Because you’re a virgin?
Don’t remind me.
Which made her wonder...when was the last time Luke had sex? Had he had sex with anyone since Kimberley’s death? Five years was a long time to be celibate if you’d had a regular sex life before. Which Abby was pretty certain he’d had. Men as sexy as Luke Shelverton did not have to work too hard to find lovers. One look from him and women came out of the woodwork like termites.
There was a knock at the bathroom door and Abby held a hand towel across her breasts and opened the door. Luke handed her a finely woven sweater the colour of his eyes. ‘I know it’s too big but I don’t have anything your size.’
Abby took the sweater from him and held it against her chest along with the towel. She could smell the clean scent of wool wash on the soft fibres and even a faint trace of him. ‘Ella told me she thought you still had some of Kimberley’s clothes.’
His eyes hardened to chips of blue ice. ‘Is this scheme of stand-in fiancé something you and Ella have cooked up together?’
Abby held the sweater against her chest like armour. ‘No. It was my idea but she thought it was a good plan. She said it was high time you went to something other than a boring engineering function. And since you and Ella are the only people in my life who know I’m not really engaged, in a way you’re the only one who can help me.’
‘What about your family? Don’t they know?’
Family. That was another thing Abby had done some considerable embellishing over. She hadn’t even told Ella the truth about her background. Abby didn’t have a family. She didn’t want her friends, much less her adoring public, to know she had grown up in numerous foster homes with a bunch of other needy kids and overworked, overwrought, overbearing at times foster parents. The last family she’d stayed with had been the most functional, but even they hadn’t kept in touch with her once she’d left the foster system.

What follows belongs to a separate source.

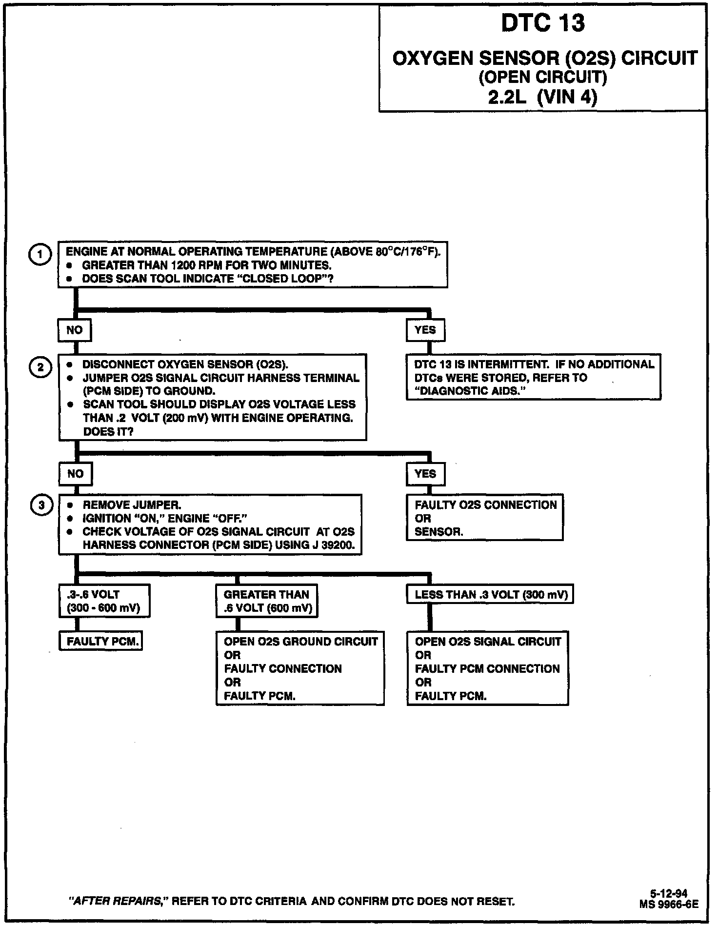 DTC 13 Oxygen Sensor (O2S) Circuit (Open Circuit):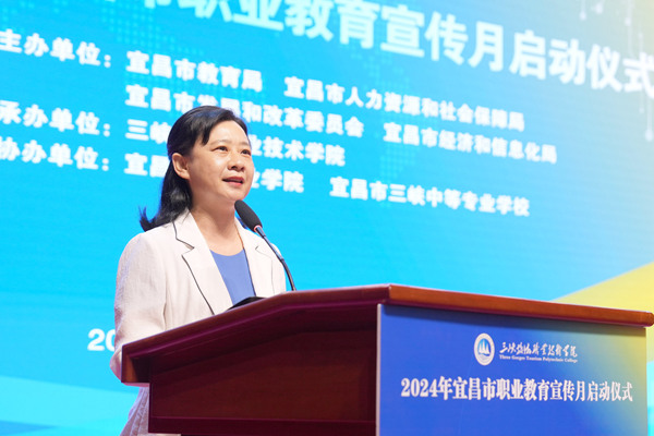 为广泛宣传宜昌现代职业教育体系建设改革成效,展示职业教育服务区域经济社会发展成果,5月16日上午,2024年宜昌市职业教育宣传月启动仪式在职教园学术报告厅举行。宜昌市人民政府副市长李军出席并讲话,宣布职教宣传月启动,市人民政府副秘书长马国卫出席,市教育局党组书记、局长邓玉华主持;市发改委、市人社局、市经信局负责同志,宜昌海事局局长李富新,市教育局党组成员、副局长石希峰,湖北三峡旅游集团党委副书记、总经理章乐等校企合作企业代表,长江游轮行业产教融合共同体成员单位代表,学校党委书记、校长梅继开,党委副书记、副校长朱昌林等校领导出席。各县市区教育局负责人,全市职业院校负责人和师生代表700余人参加。

Even Abby’s surname was a stage name because she had more skeletons in her closet than she had clothes. She didn’t want anyone putting her real surname in a search engine and linking her to a now deceased drug-addicted prostitute and a man currently in jail for assault with a deadly weapon. She couldn’t bear reliving the shame all over again. Being reminded she had never been loved as a child should be loved, never protected as a child should be protected.
Never wanted.
There were some things you just had to keep private.
Abby couldn’t quite meet Luke’s gaze. ‘Of course they know. But it’s not like they can do anything. You’re the only one I can ask to do this.’
‘I’m sorry, Abby. You’ll have to find someone else.’
Abby forgot about covering her wine-splashed bra and handed him back his sweater. ‘Look, Luke, I know the last five years have been tough on you, really tough, but don’t you ever want to just go out and have a night on the town like normal people do?’
His eyes flicked to her bra-covered breasts and then returned to hold her gaze in a steely blue trap. ‘What’s normal about pretending to millions of people you’re in a relationship that doesn’t even exist?’
Abby grabbed her sweater from the marble basin console and pulled it back over her head, thrusting her arms through the sleeves with such force she nearly tore a hole in one of them. ‘I’ll tell you what’s normal,’ she said, popping her head out of the collar to glare at him, not caring that her wavy hair was as ruffled and wild as her temper. ‘It’s normal to help friends out when they’re in a pickle. But you keep pushing all your friends away since Kimberley died, which is so sad because your friends and family are who you need to get you through this. You’re needed, Luke. Ella and your mum need you and I do too.’